**WORK REQUEST**
Could you repeat the entries below exactly, but only from the line with "Угол наклона кровли:45°, 30 °" through the line with "H. Foerster Specjalny", and without any picture?

**RECORDS PROVIDED**
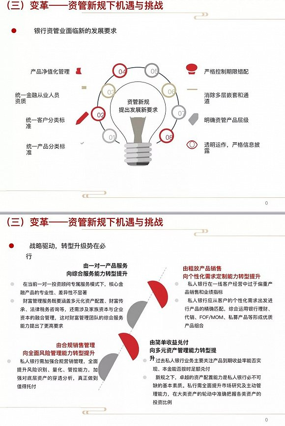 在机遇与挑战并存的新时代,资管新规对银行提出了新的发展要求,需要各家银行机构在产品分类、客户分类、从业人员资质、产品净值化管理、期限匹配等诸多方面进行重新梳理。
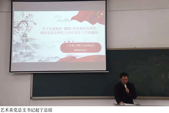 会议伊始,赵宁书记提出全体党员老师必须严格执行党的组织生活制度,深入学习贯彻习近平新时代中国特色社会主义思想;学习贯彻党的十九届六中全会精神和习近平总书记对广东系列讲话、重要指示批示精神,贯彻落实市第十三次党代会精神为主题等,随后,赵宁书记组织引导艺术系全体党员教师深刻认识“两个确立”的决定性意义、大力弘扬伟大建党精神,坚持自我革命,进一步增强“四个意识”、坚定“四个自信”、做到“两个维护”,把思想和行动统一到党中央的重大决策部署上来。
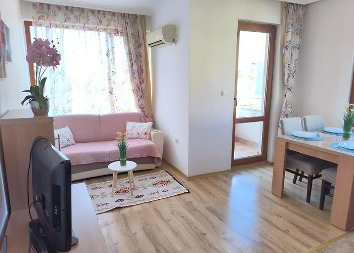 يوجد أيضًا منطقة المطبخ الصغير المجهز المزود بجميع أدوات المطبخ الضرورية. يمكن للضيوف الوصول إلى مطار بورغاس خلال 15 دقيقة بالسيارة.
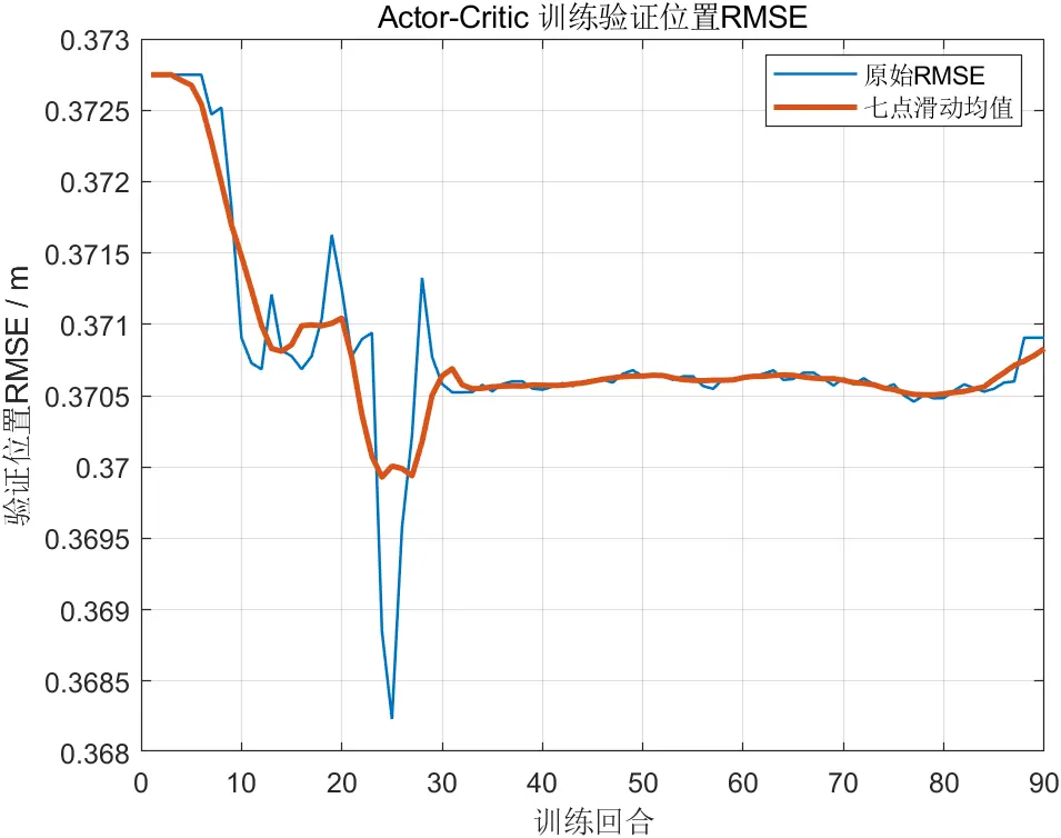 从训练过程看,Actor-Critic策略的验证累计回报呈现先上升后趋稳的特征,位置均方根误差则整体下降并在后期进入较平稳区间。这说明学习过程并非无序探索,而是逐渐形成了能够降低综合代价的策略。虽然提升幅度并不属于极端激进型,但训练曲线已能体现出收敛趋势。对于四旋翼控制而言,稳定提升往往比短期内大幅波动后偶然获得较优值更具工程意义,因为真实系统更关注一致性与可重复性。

--

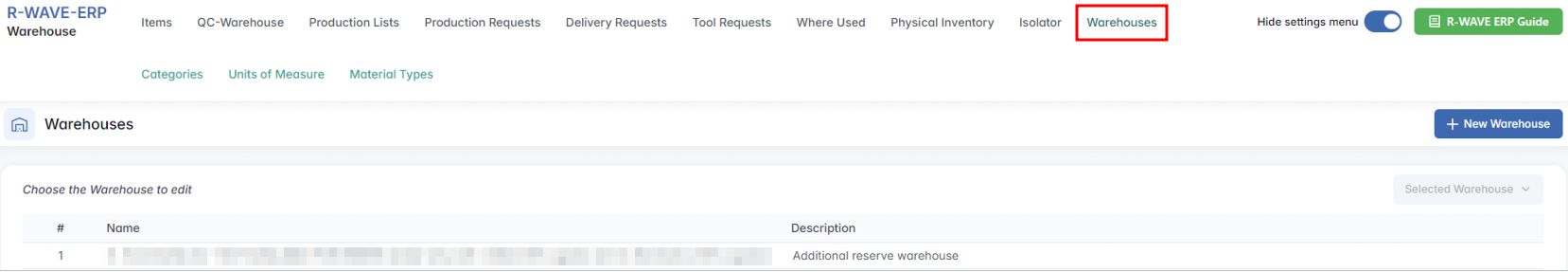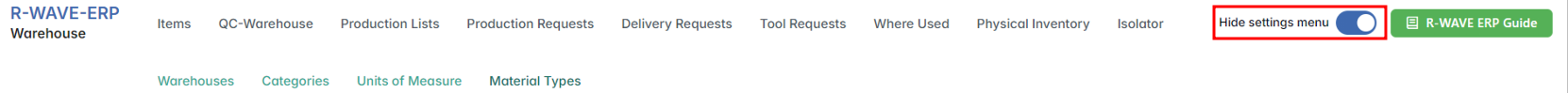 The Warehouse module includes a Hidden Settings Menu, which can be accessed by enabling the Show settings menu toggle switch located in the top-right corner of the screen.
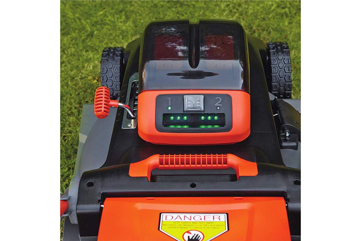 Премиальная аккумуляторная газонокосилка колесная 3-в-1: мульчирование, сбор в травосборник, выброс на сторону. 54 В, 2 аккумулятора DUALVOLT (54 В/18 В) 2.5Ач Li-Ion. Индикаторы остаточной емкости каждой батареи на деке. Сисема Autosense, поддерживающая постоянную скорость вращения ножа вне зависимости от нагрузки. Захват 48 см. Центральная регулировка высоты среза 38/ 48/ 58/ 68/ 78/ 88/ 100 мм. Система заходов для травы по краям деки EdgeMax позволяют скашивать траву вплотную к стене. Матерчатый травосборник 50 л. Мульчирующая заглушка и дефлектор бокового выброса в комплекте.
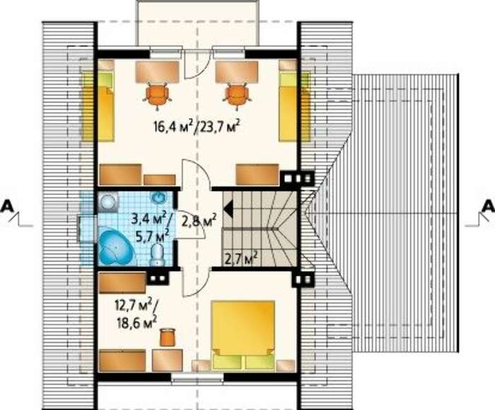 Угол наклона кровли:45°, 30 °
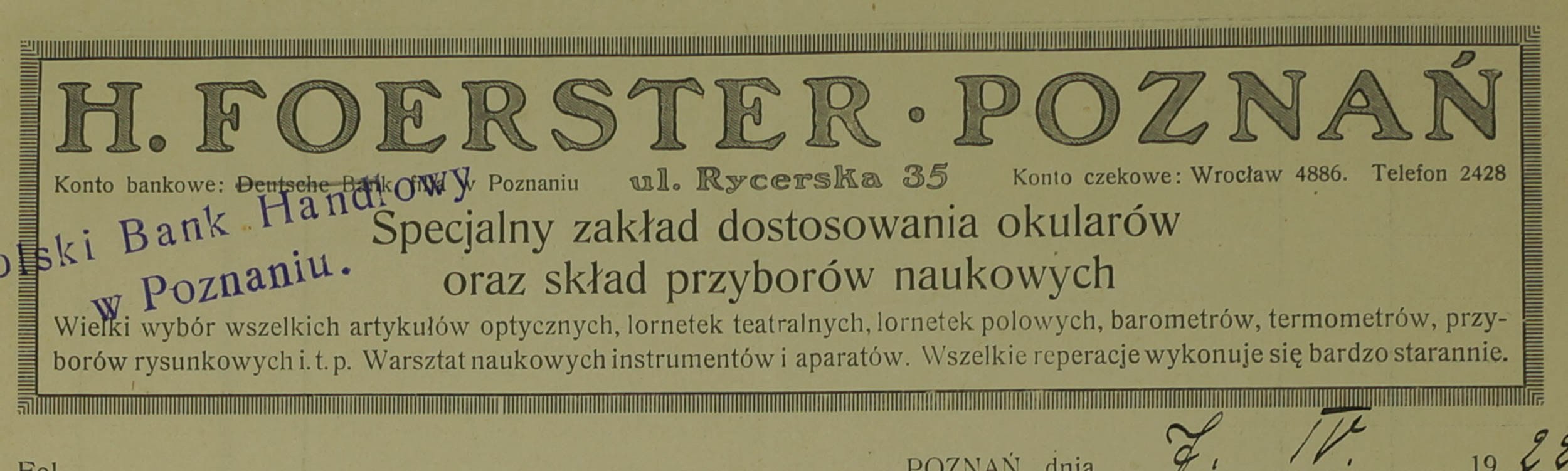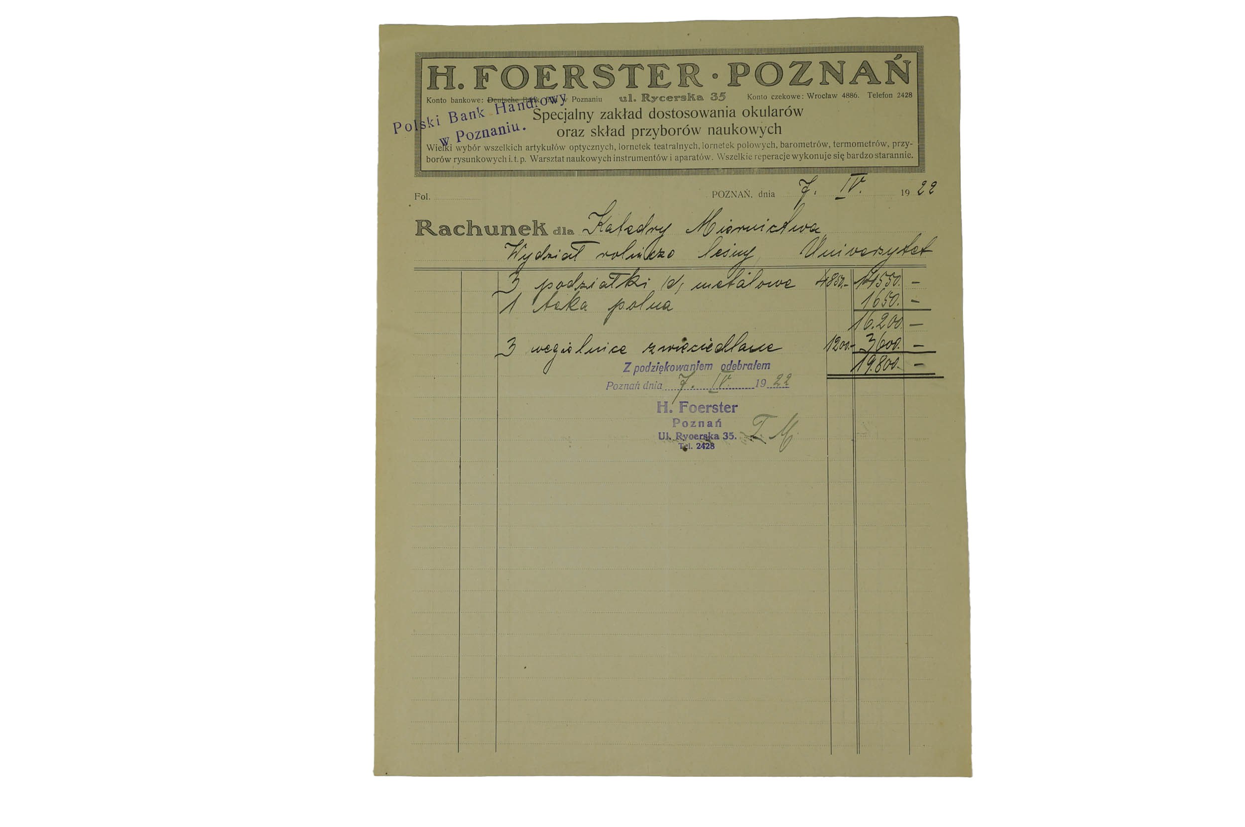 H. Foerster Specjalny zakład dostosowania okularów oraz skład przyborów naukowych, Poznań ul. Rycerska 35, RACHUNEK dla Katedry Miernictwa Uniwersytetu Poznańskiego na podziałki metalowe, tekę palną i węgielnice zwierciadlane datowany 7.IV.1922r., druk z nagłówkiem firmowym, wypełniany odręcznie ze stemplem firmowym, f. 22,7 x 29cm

==

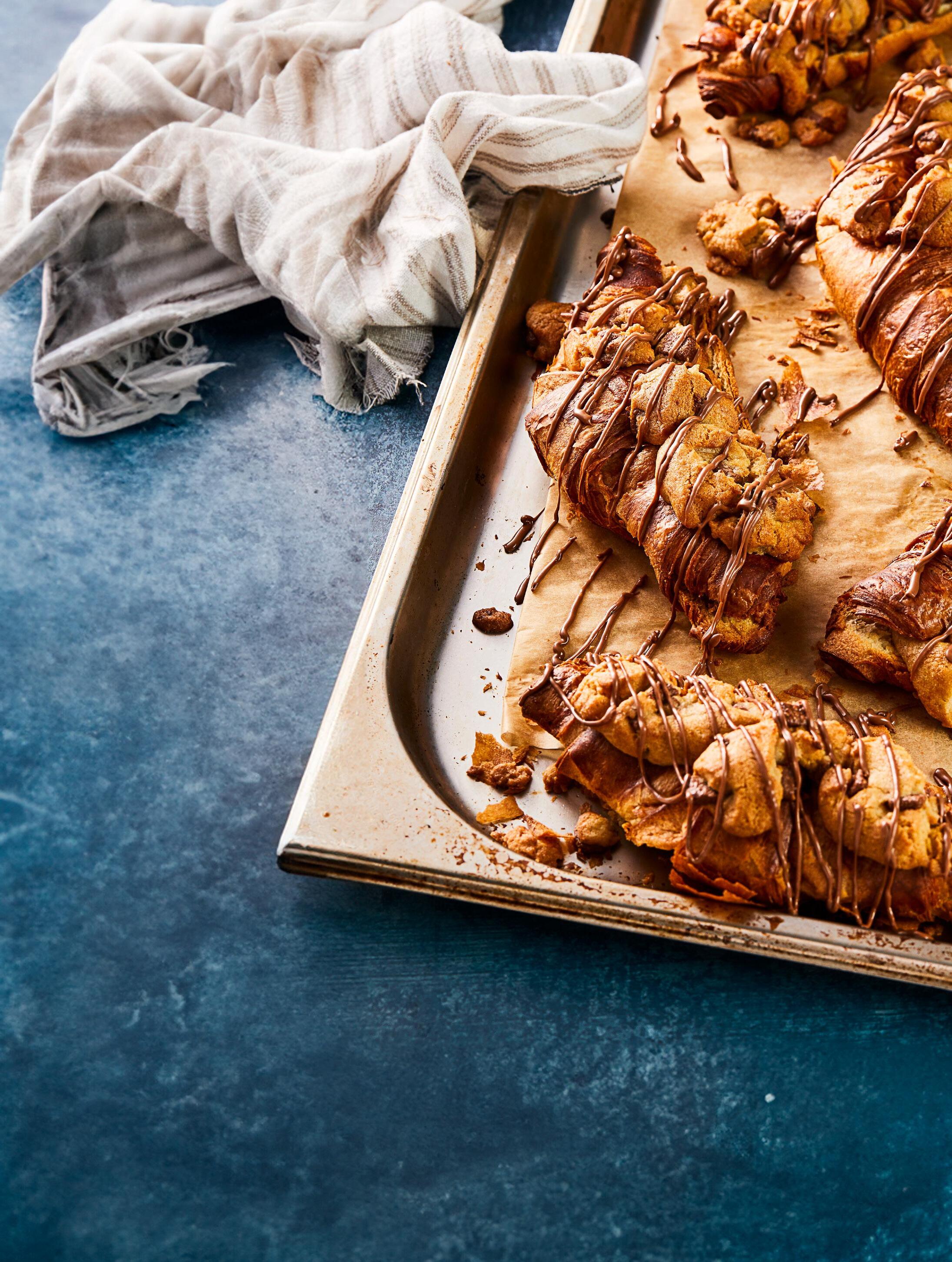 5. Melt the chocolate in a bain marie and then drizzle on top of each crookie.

**ANSWER SECTION**
 Угол наклона кровли:45°, 30 °
 H. Foerster Specjalny zakład dostosowania okularów oraz skład przyborów naukowych, Poznań ul. Rycerska 35, RACHUNEK dla Katedry Miernictwa Uniwersytetu Poznańskiego na podziałki metalowe, tekę palną i węgielnice zwierciadlane datowany 7.IV.1922r., druk z nagłówkiem firmowym, wypełniany odręcznie ze stemplem firmowym, f. 22,7 x 29cm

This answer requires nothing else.